Sahodaran Ayyappan Road, popularly known as S.A Road is one of the most important and the second main arterial road of CBD Kochi city (after the M.G Road); it is supposed to be the busiest and most congested road   in the city of Kochi, which run in east-west direction and the shortest road connecting the two main iconic junctions in the city.
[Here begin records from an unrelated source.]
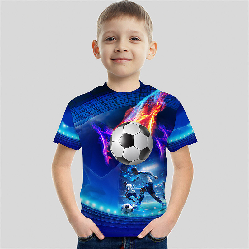 Boys 3D Football T shirt Tee Short Sleeve Summer Spring Fashion Basic Kids 4-12 Years Crew Neck Outdoor Casual Daily Regular Fit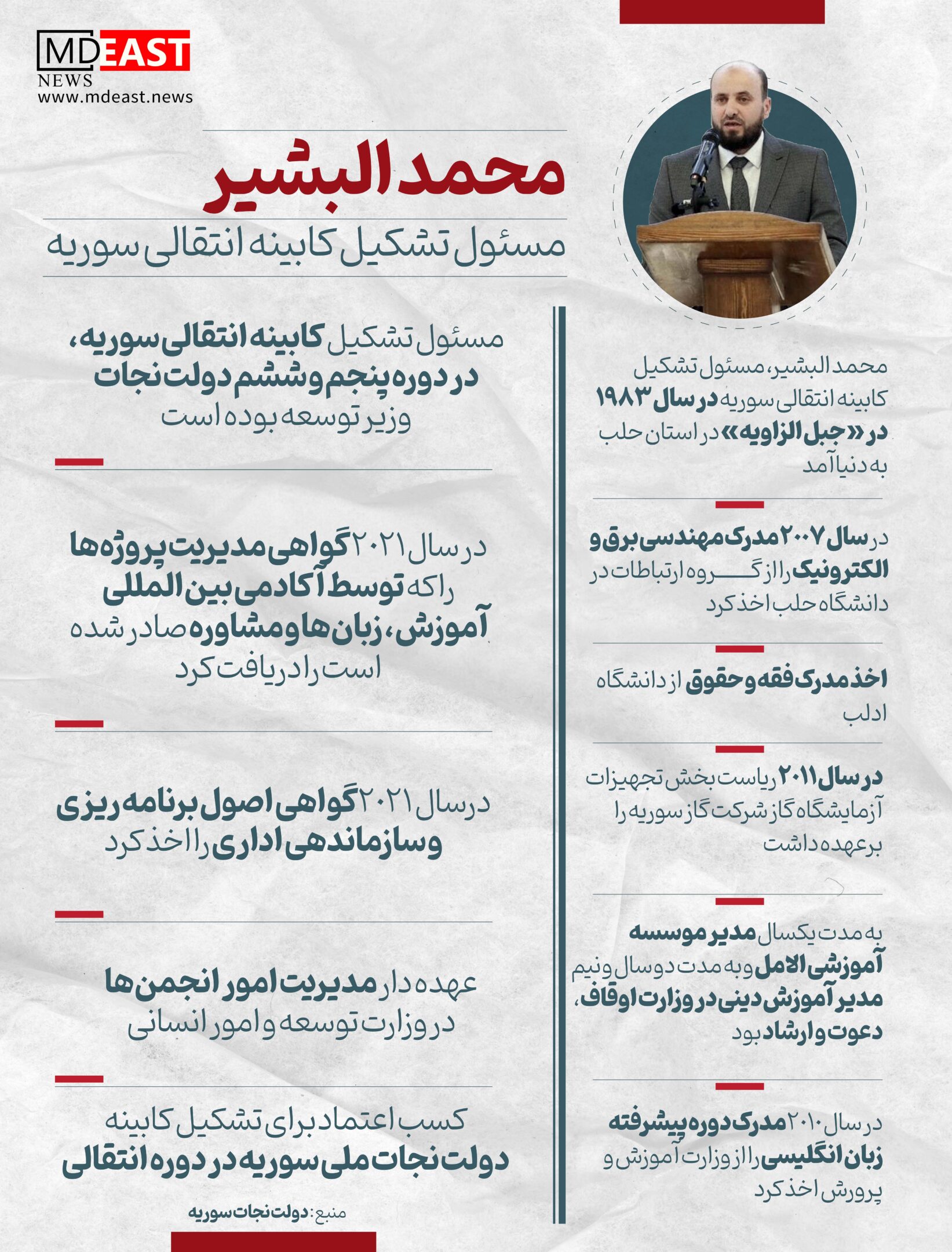 محمد البشیر مسئول تشکیل کابینه انتقالی سوریه کیست؟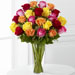This spirited bouquet holds roses in bold hues - hot pink, orange, red and bright yellow. Certain to be an attention-getter! These vivacious roses are arranged with seeded eucalyptus in a clear glass vase.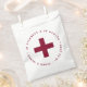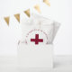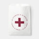 Für das Emergency Kit (alias Hangover Kit), um eine Hochzeit in Urlaubsort Begrüßungsbeutel, mit etwas Medikamenten in der Innenseite. Es hat ein Kreuz in der Mitte und einen gewölbten Text, der einen Kreis darum herum bildet. Oben ist die Nachricht "In Krankheit und in Gesundheit" und darunter sind die Namen der Braut und des Bräutigams und das Datum. Der Text ist in kleinen Kappen. Der Text und das Kreuz sind bordeauxrot, der Hintergrund weiß.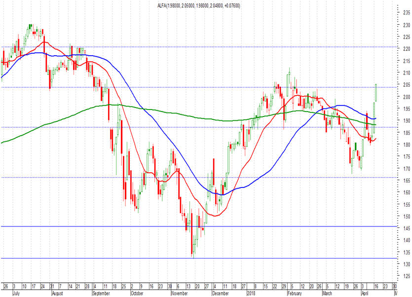 στηρίξεις της Alpha Bank είναι στα επίπεδα των 2,00 ευρώ, με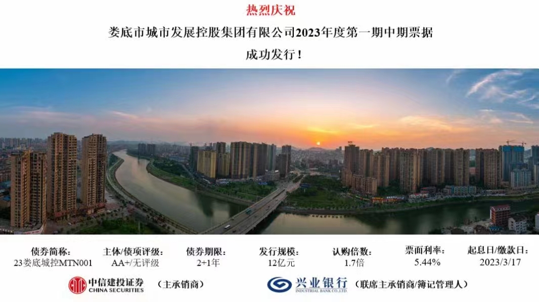 3月17日,市城發控股集團2023年第一期中期票據成功發行,規模12億元,發行期限2+1年,票面利率5.44%。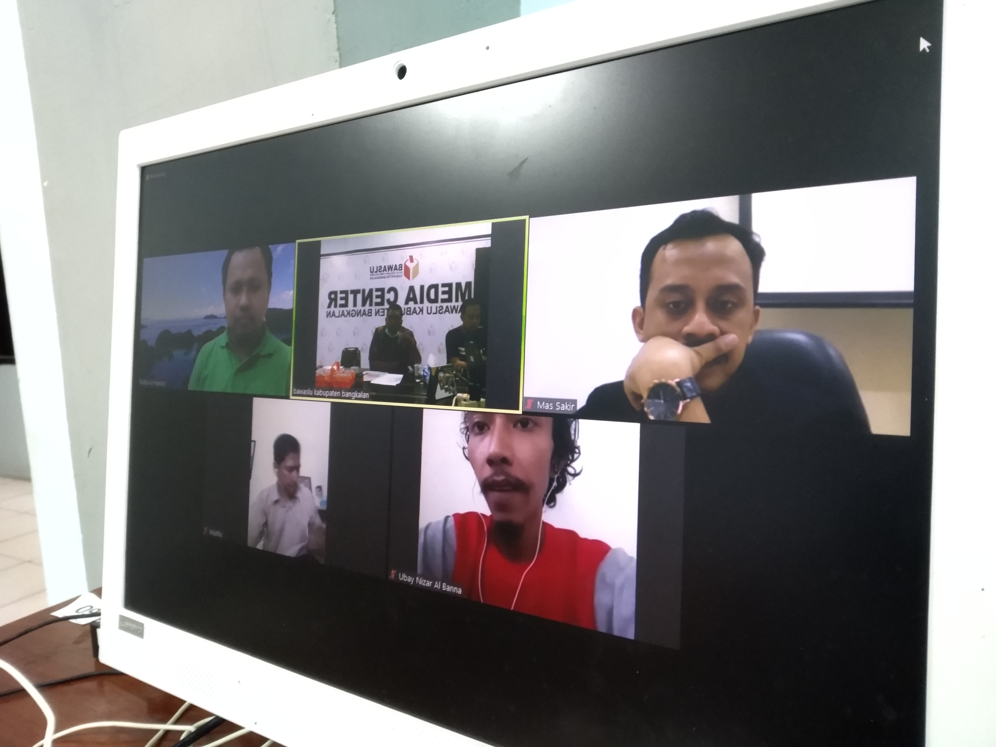 Anggota Bawaslu Bangkalan saat video conference dengan tim riset Universitas Muhammadiyah Yogyakarta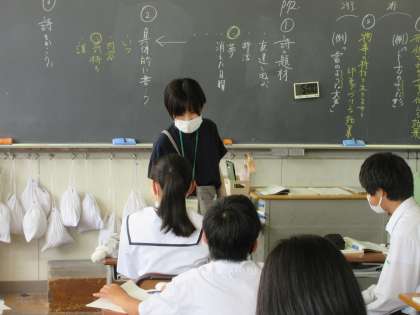 国語の授業です。 「比喩で広がる言葉の世界」を学習しました。

The road connects the MG Road in west with Vyttila Junction & Hub in east and continues further as Tripunithura Road that connects to Tripunithura, hence termed as the back bone road of Kochi.
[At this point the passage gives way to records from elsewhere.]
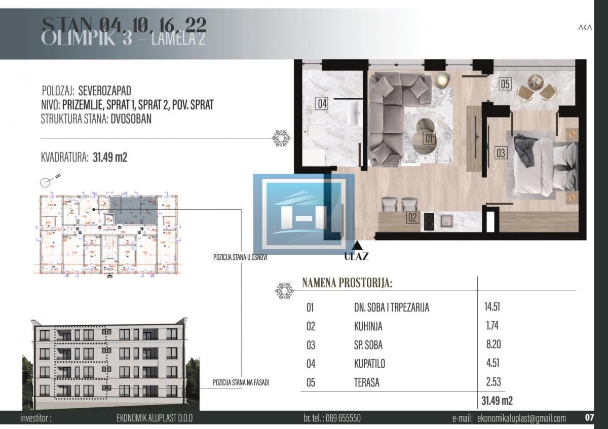 Rok završetka: mart 2026. Moguć povraćaj PDV-a Predstavljamo odličnu priliku za kupovinu jednosobnog stana u modernoj zgradi u izgradnji, smeštenoj u jednoj od najtraženijih zona Vrnjačke Banje. Grad sa tradicijom, lekovitim izvorima i turistima tokom cele godine čini ovu nekretninu savršenom kako za život, tako i za izdavanje. Prednosti ove nekretnine: *Crna aluminijumska stolarija i moderna keramika *Električne roletne za dodatni komfor *Klima uređaj uključen u cenu *Lift i privatno parking mesto *Kupovina direktno od investitora uz mogućnost povraćaja PDV-a *Stan je odličan izbor za one koji žele kvalitetan život u prirodnom okruženju, kao i za investitore koji traže sigurnu i dugoročnu zaradu kroz izdavanje. Lokacija: Mirno naselje u blizini Akva parka, idealno pozicionirano za svakodnevni život, ali i za turiste. Pozovite nas i rezervišite svoju nekretninu na vreme. Broj stanova je ograničen. 064/8312081 | 064/8312064 Heroldo, 13. oktobar br. 5, Ćuprija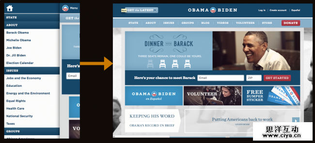 ·高级——当其它方法只需要修改简单的元素,而这个方法却有很多需要移动的部件。正如斯蒂芬妮·里格尔指出,奥巴马的网站导航打破了一切, 除了最尖端的设备。如果你的项目是为一个更广泛的受众,而你选择了这种方法,你要非常小心。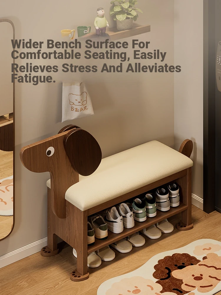 Wooden Shoe Changing Bench - Cute and Creative Animal Design, Perfect Entryway Seat for Home Use, Convenient Shoe Cabinet Stool for Easy Shoe Changing at the Door.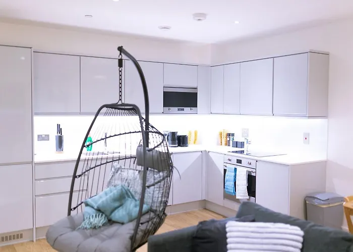 Ausgestattet mit einem Herd und einem Geschirrspüler, ist einer voll ausgestatteten Küche verfügbar. Das Apartment liegt in einer Entfernung von 3 km vom Bahnhof Five Ways.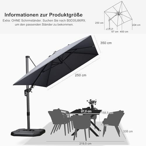 Mit wenn das nicht möglich ist verbesserter Schwenkgriff drehen das Dach nach originell oder rechts, um den ganzen Tag Abschirmung vor Sonnenstrahlen zu bieten. Per Drehteller mit Fußpedal um 360° drehbar.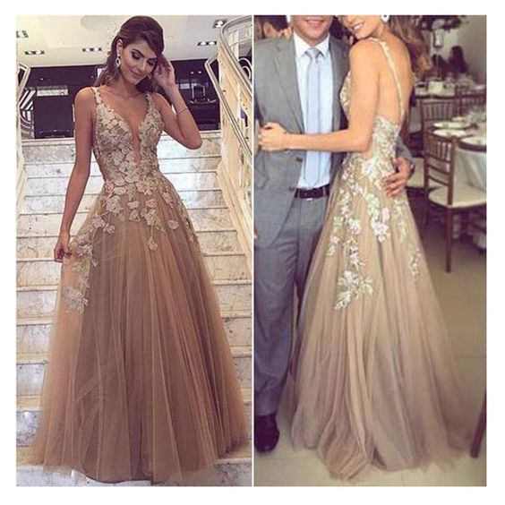 FYD 774,Beautiful Prom Dresses, A-Line Deep V-Neck Champagne Tulle Prom Dress with Appliques/ friday dresses in new fashion

S.A.Road along with M.G.Road are the two main arterial CBD roads connected with the  Kochi Metro Rail and moving straight to Vytilla Hub (biggest transport hub and junction in State of Kerala), where three modes of transport  (rail, water and road)converge & diverge, hence making it one of the most expensive and affluent areas in the city and State of Kerala.

Kochi's high-end housing colonies are all branched out from this arterial road like Panampilly Nagar, Giri Nagar, Gandhi Nagar, Jawahar Nagar etc, it is a commercial high street with Hospitals, Banks & 5 star classified Luxury Hotels (Olive Downtown, Radisson Blu, etc.), enhancing the road's importance is its easy access to the city downtown railway station (Ernakulam Junction Railway Station-Biggest & Central Railway station at Kochi).

Greater Cochin Development Authority (GCDA) & Rajiv Gandhi International Indoor Stadium are located along this road at Kadavanthra.
It is a four lane city road with median separating the two carriageways.  The road is one of the oldest road of the city and covers a distance of 3.2 KM. The road is named after famous social reformer, Sahodaran Ayyappan.

History
S.A. Road was earlier known as Tripunithura Road that was built by Kochi Royal Maramattu (PWD) Department in year 1863 when the capital of Kochi Kingdom was shifted to Tripunithura.  The road was constructed to facilitate the King's annual procession to Ernakulam for attending the Annual Durbar at the Durbar Hall. The original road terminated at Chitoor Road near Valanjambalam from where it connect to Durbar Hall Grounds. Later it was extended to MG Road, when the Britishers constructed in year 1926. A connecting road from MG Road to Foreshore road was built when the latter was opened in the year 1988. In 1962 the stretch from Foreshore Road to Vyttila was renamed as S.A Road as this part came under Corporation of Cochin whereas the remaining stretch went to Thrippunithura Municipality.

The original road was just a single lane as there was no cars other than those belonging to Royal family. In year 1936, the road was relaid into 2 lane traffic, which remains even today. As the city grew, many commercial establishments started in this stretch which increased the traffic. Moreover, with opening of Panampally Nagar, Giri Nagar, Kadavanthra residential areas along with growth of Vyttila Junction made the road terribly congested heavy traffic. With less availability of land on both sides, land acquisition became extremely difficult.

In year 2000, the Corporation of Cochin decided to go ahead with forcible land acquisitions, thereby the stretch from South Overbridge to Vyttila was able to relay into 4 lane road with some areas still under construction.

Educational Institutions
Traum Academy for German & French languages

Major Junctions/Landmarks
 Vyttila Junction, from where SA Road starts in the east. Vyttila Junction is the largest junction in Kerala, built in 1997 by National Highways Authority of India (NHAI) as part of the NH 47 bypass road.
 Janatha Junction
 Elamkulam Bridge built over picturesque Chilavanoor Lake, one of the important riverfront area.
 Elamkulam Junction
 Kadavanthra Junction, one of the busiest and most important junction in city of Kochi. It is one of the emerging commercial highstreet with several leading retail stores and many luxury 5 star classified hotels operating like the Olive Downtown, Radisson Blu etc. The Kaloor-Kadvanthara road starts from this junction, which is the shortest route to Kaloor. The GCDA headquarters and the statue of Sahodharan Ayyappan are located here. Entrances to posh residential areas like Panampilly Nagar, Giri Nagar, GCDA Nagar starts from here. A secondary junction called Kochukadavanthara, Rajiv Gandhi International Indoor sports complex, "Central bank of India" in Kallelil building and other prominent banks are also situated here.
 Manorama Junction, the major junction before South Railway Overbridge connects to major residential belt Panampally Nagar. The Manorama Newspaper office located here contributed name to this junction.
 South Overbridge, was the first railway overbridge in the city. The overbridge was built by Southern Railways without enough planning, resulting in executing poorly designed bridge, causing much of traffic bottleneck and terrible congestion. However it is one of the main entry into CBD.
 Pallimukku, is the last major junction and is part of Kochi CBD where the MG Road passes through. The Medical Trust Hospital at the Pallimukku is the major landmark.